**Description of the task:** Repeat exactly the lines of the material below that run from the "We understand how" line to the "Ο Σεβασμιώτατος επισκέφθηκε" line, including both, and do not carry over any pictures.

**Provided data:**

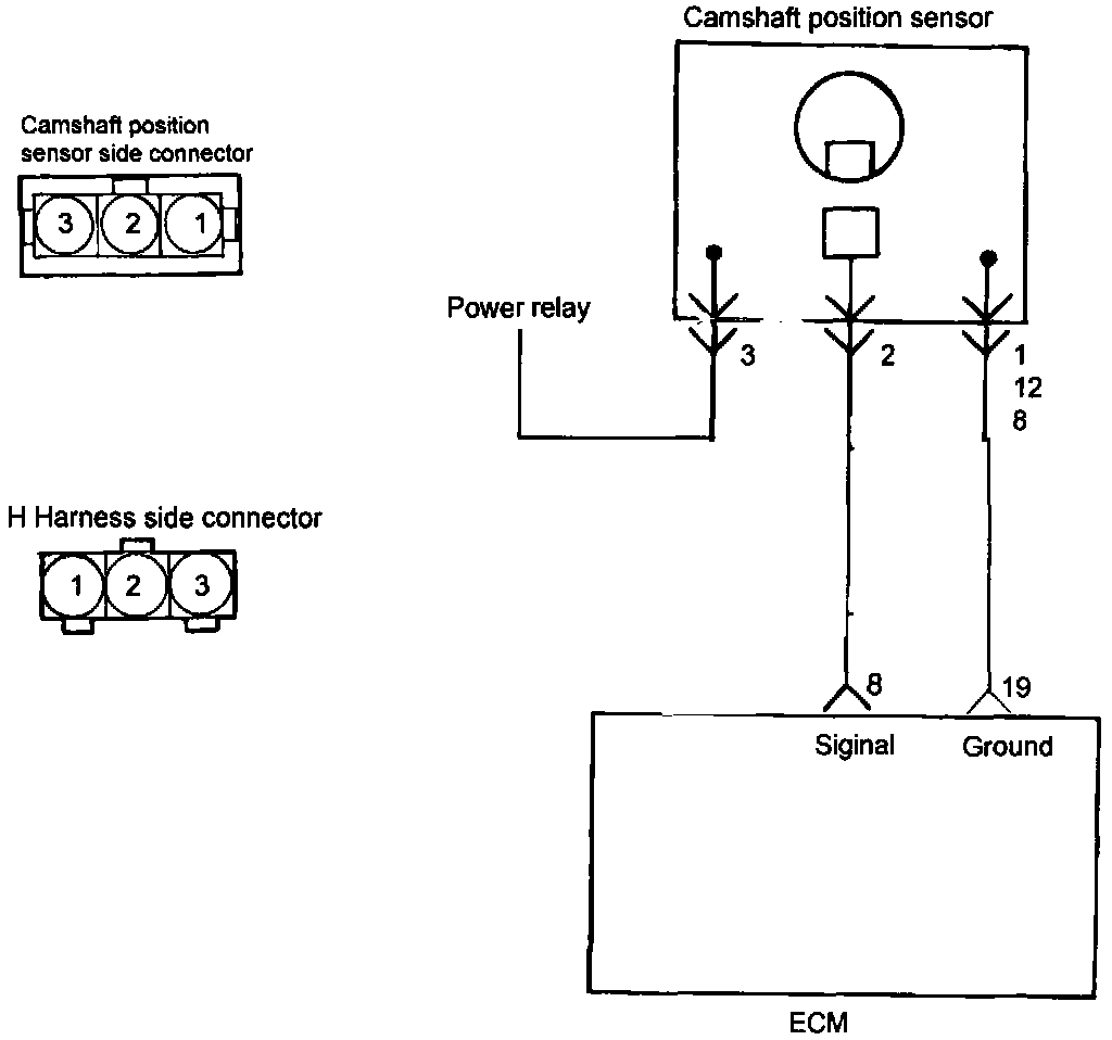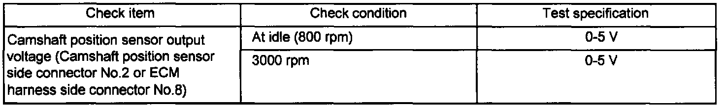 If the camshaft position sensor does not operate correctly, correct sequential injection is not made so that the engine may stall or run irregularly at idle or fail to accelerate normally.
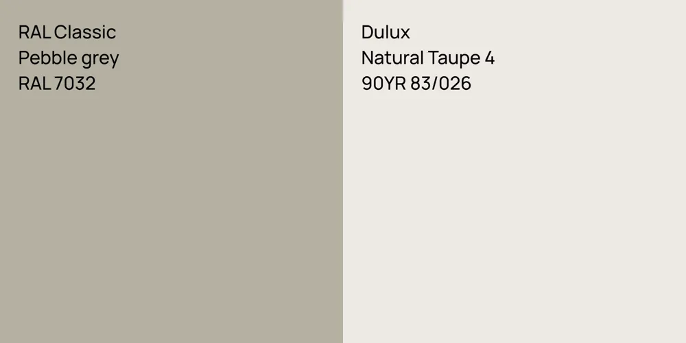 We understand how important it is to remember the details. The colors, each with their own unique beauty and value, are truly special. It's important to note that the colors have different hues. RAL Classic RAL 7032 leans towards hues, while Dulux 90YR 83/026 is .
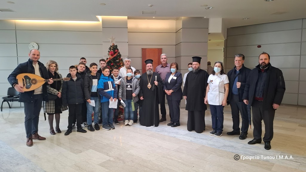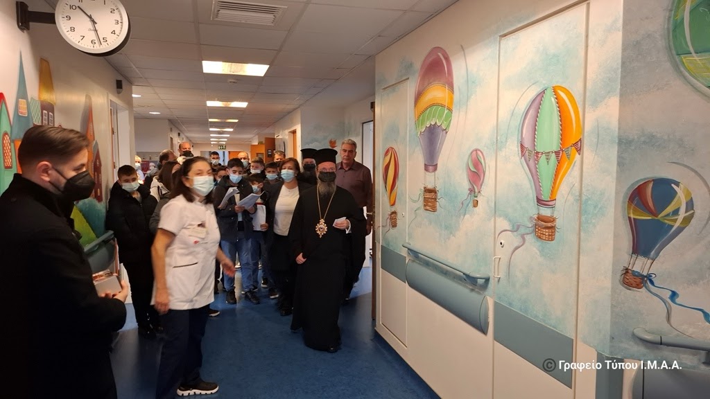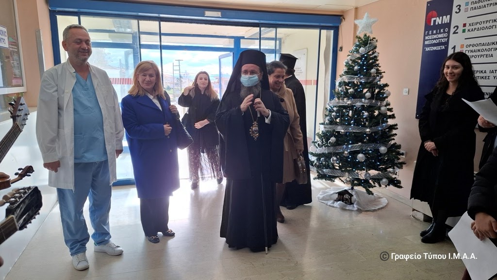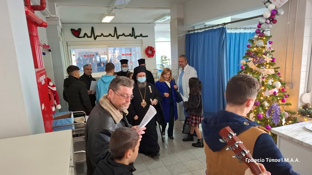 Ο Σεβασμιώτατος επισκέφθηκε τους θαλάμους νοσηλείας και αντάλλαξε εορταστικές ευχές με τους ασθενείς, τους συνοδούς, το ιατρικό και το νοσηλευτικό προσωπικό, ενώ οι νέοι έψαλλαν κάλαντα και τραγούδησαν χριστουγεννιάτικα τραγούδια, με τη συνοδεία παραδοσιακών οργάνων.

* * *

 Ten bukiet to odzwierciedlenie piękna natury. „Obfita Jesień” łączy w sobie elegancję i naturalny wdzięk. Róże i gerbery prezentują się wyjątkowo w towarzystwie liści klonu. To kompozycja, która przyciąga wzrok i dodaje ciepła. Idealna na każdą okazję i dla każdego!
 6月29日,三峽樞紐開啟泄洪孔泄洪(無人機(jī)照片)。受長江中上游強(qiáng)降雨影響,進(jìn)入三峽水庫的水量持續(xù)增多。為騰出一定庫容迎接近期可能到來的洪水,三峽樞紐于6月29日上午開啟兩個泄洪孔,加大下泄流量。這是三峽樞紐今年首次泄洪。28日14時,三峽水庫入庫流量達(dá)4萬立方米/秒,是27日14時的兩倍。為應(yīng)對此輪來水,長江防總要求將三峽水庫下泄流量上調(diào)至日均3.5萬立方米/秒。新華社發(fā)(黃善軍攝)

**Reply:**
 We understand how important it is to remember the details. The colors, each with their own unique beauty and value, are truly special. It's important to note that the colors have different hues. RAL Classic RAL 7032 leans towards hues, while Dulux 90YR 83/026 is .
 Ο Σεβασμιώτατος επισκέφθηκε τους θαλάμους νοσηλείας και αντάλλαξε εορταστικές ευχές με τους ασθενείς, τους συνοδούς, το ιατρικό και το νοσηλευτικό προσωπικό, ενώ οι νέοι έψαλλαν κάλαντα και τραγούδησαν χριστουγεννιάτικα τραγούδια, με τη συνοδεία παραδοσιακών οργάνων.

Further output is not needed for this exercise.